_Work instructions_
Return the first line of the listing below and all the lines after it through the one containing "กลุ่มธุรกิจ Modern trade", exactly, without pictures.

_Information supplied_
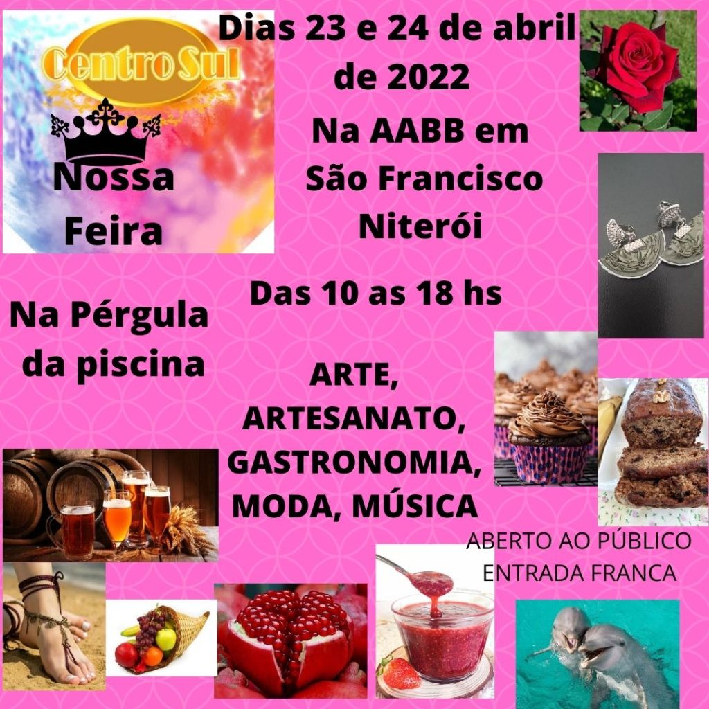 Nos dias 23 e 24 de abril, das 10h às 18h. Feira de Artesanato, gastronomia, moda e Música. Na sede da AABB em São Francisco, rua Hélio da Silva Carneiro, 78.
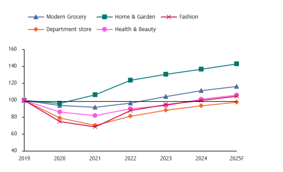 กลุ่มธุรกิจ Modern trade ต้องปรับตัวท่ามกลางการแข่งขันจากร้านค้าออนไลน์ รวมทั้งต้นทุนสินค้าและการดำเนินงานที่สูงขึ้น
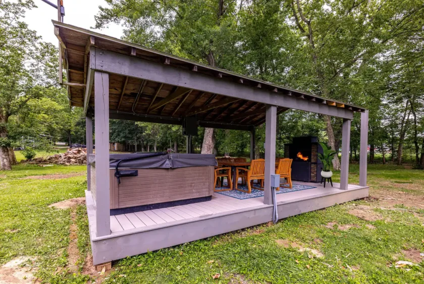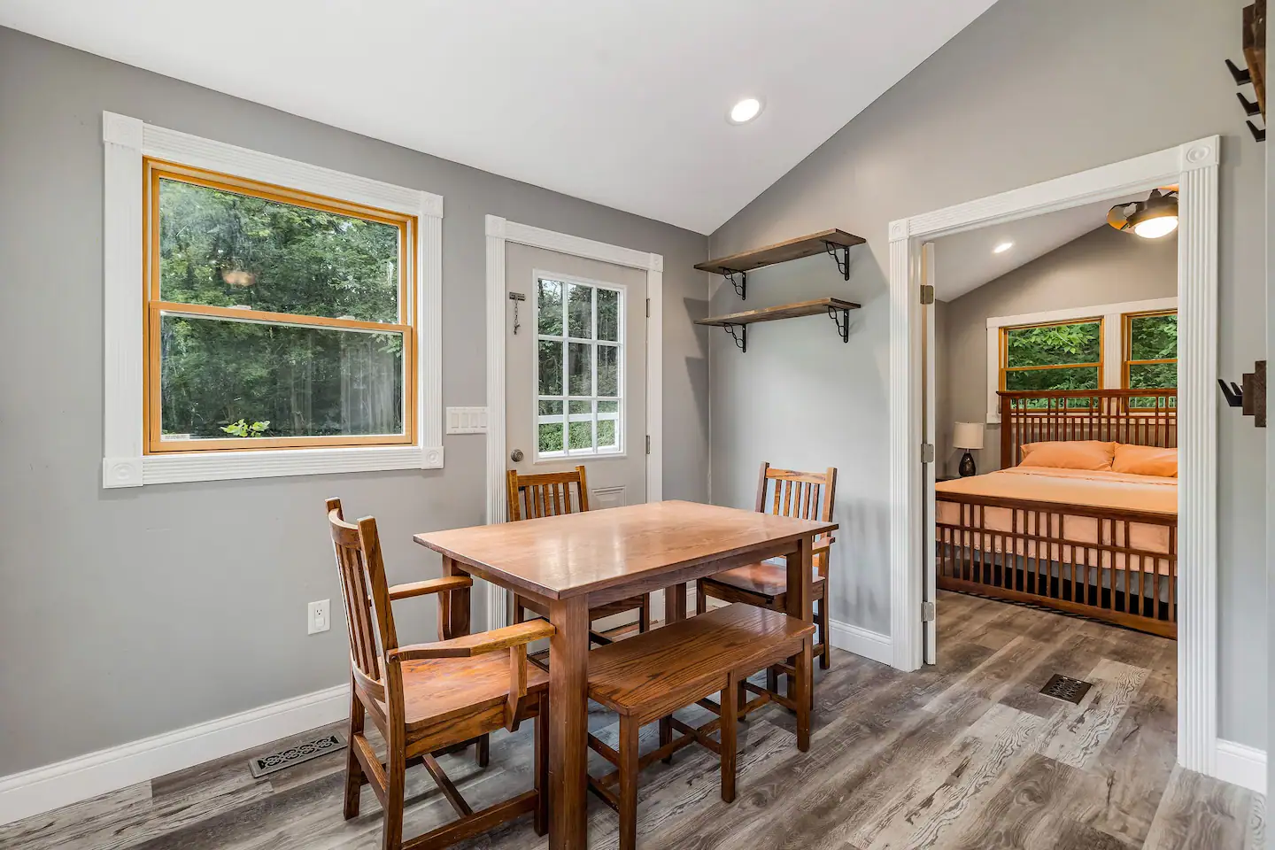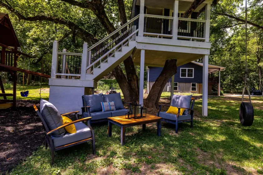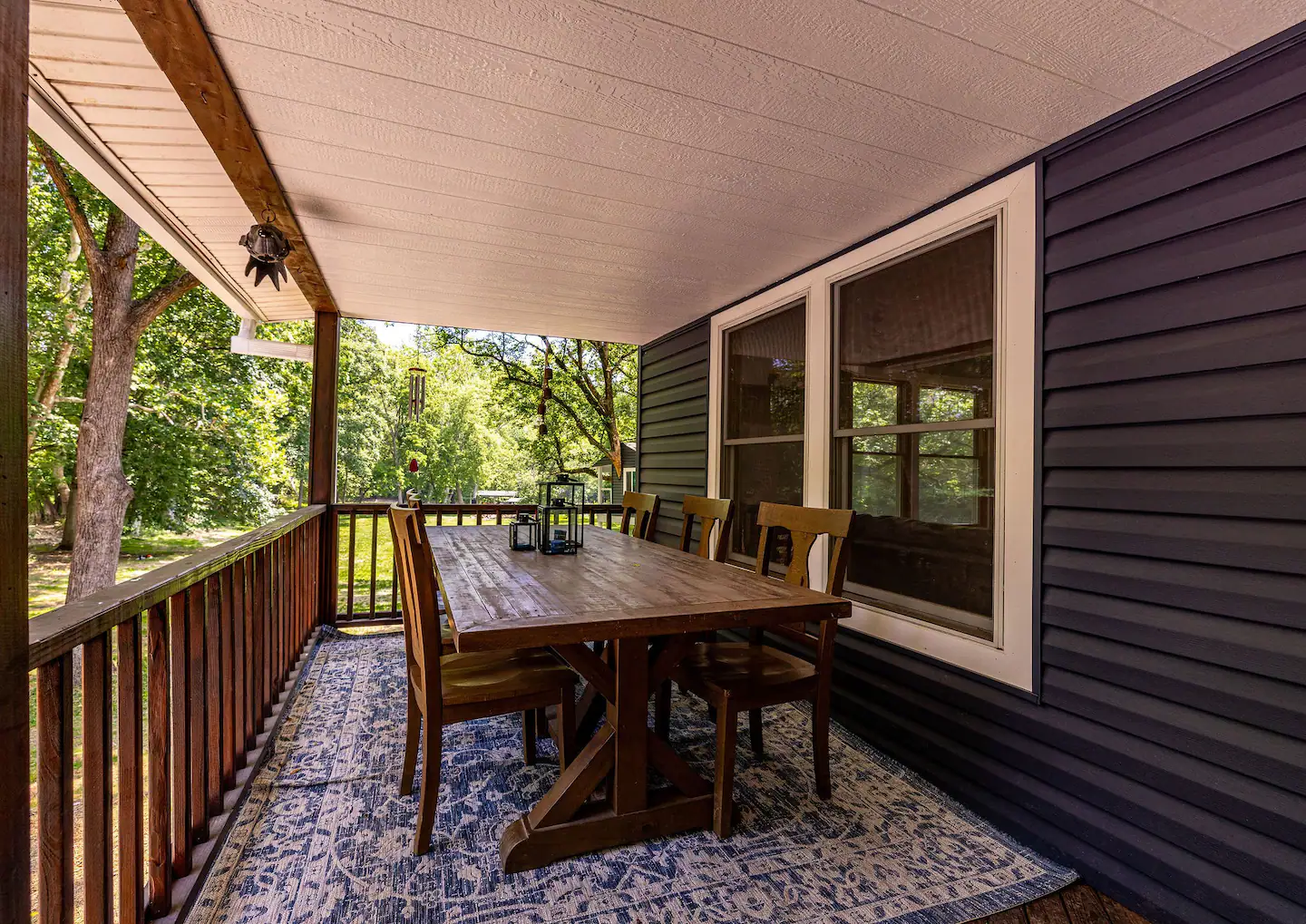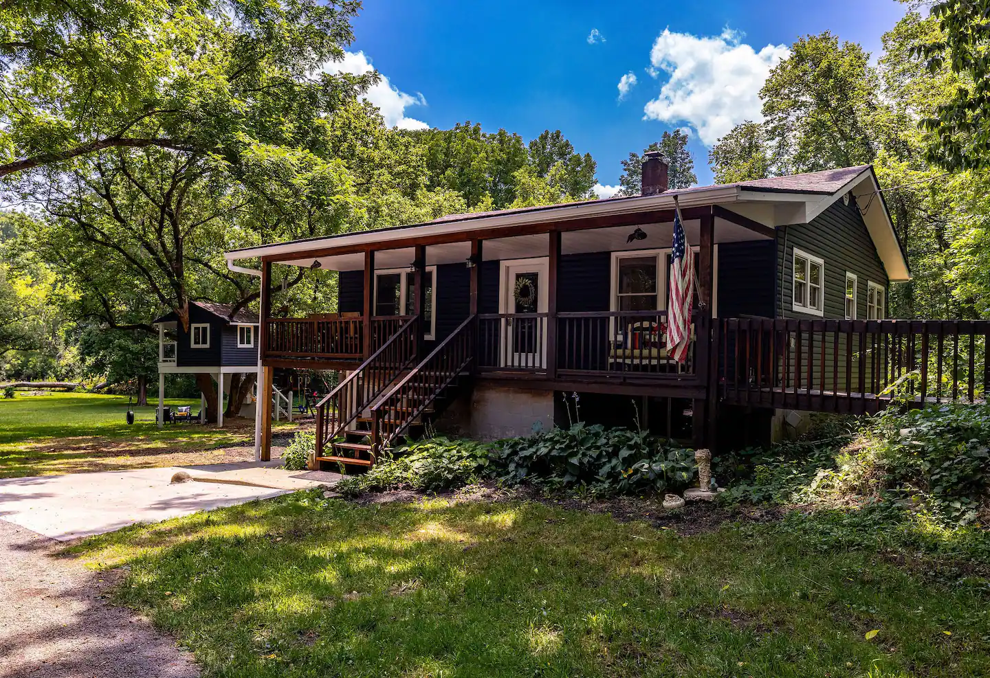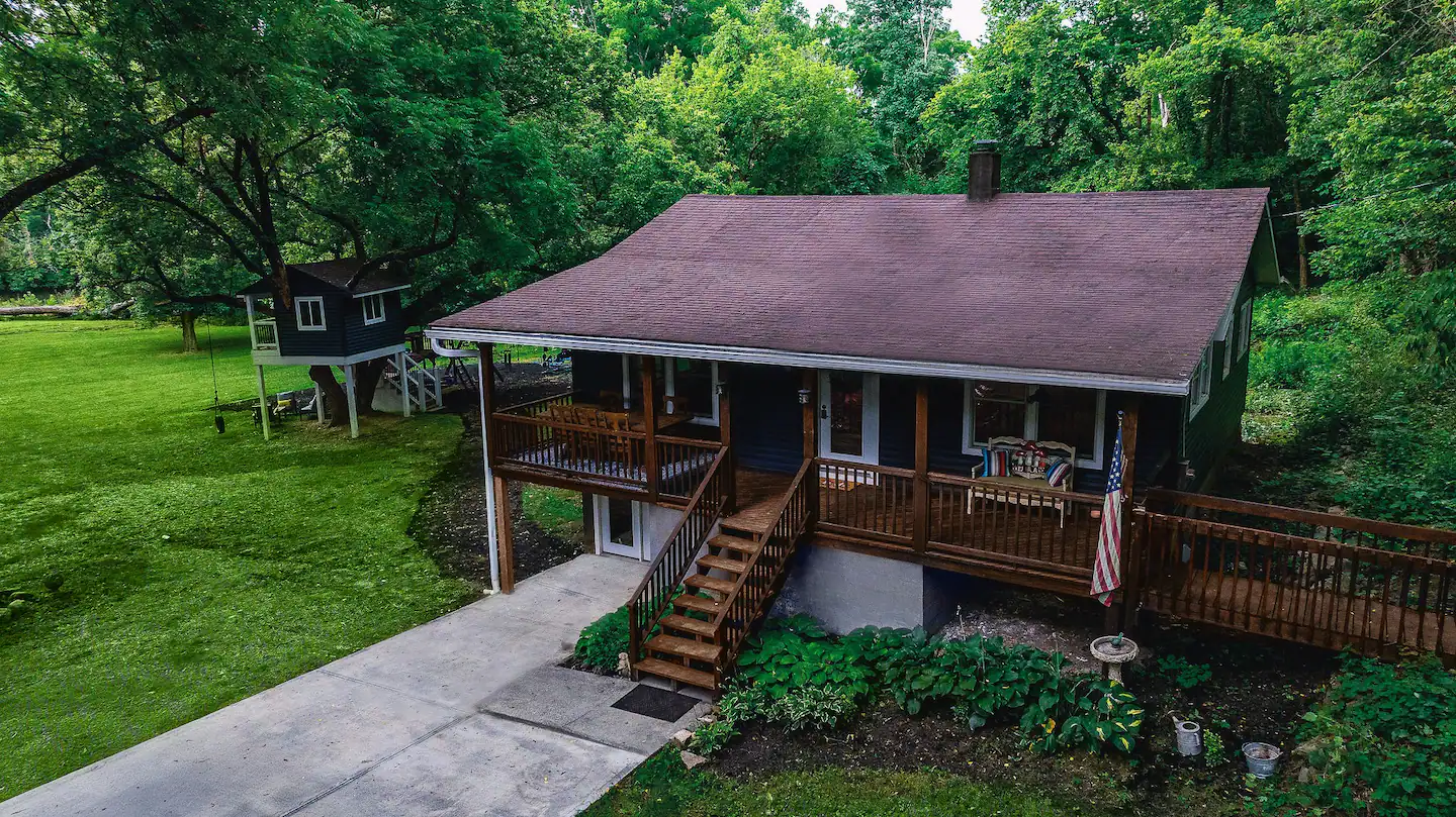 Our charming 2-bedroom, 2-bathroom home features everything you need for a comfortable stay. For a unique experience, the treehouse can serve as a third bedroom, complete with a full-sized bed and electricity. Relax on the riverside pavilion, soak in the hot tub, or gather around the fire pit under the stars. Canoes and kayaks are available at no cost, and a sandy riverside beach makes the perfect spot to unwind or launch your water adventures.

_Answer for the task_
 Nos dias 23 e 24 de abril, das 10h às 18h. Feira de Artesanato, gastronomia, moda e Música. Na sede da AABB em São Francisco, rua Hélio da Silva Carneiro, 78.
 กลุ่มธุรกิจ Modern trade ต้องปรับตัวท่ามกลางการแข่งขันจากร้านค้าออนไลน์ รวมทั้งต้นทุนสินค้าและการดำเนินงานที่สูงขึ้น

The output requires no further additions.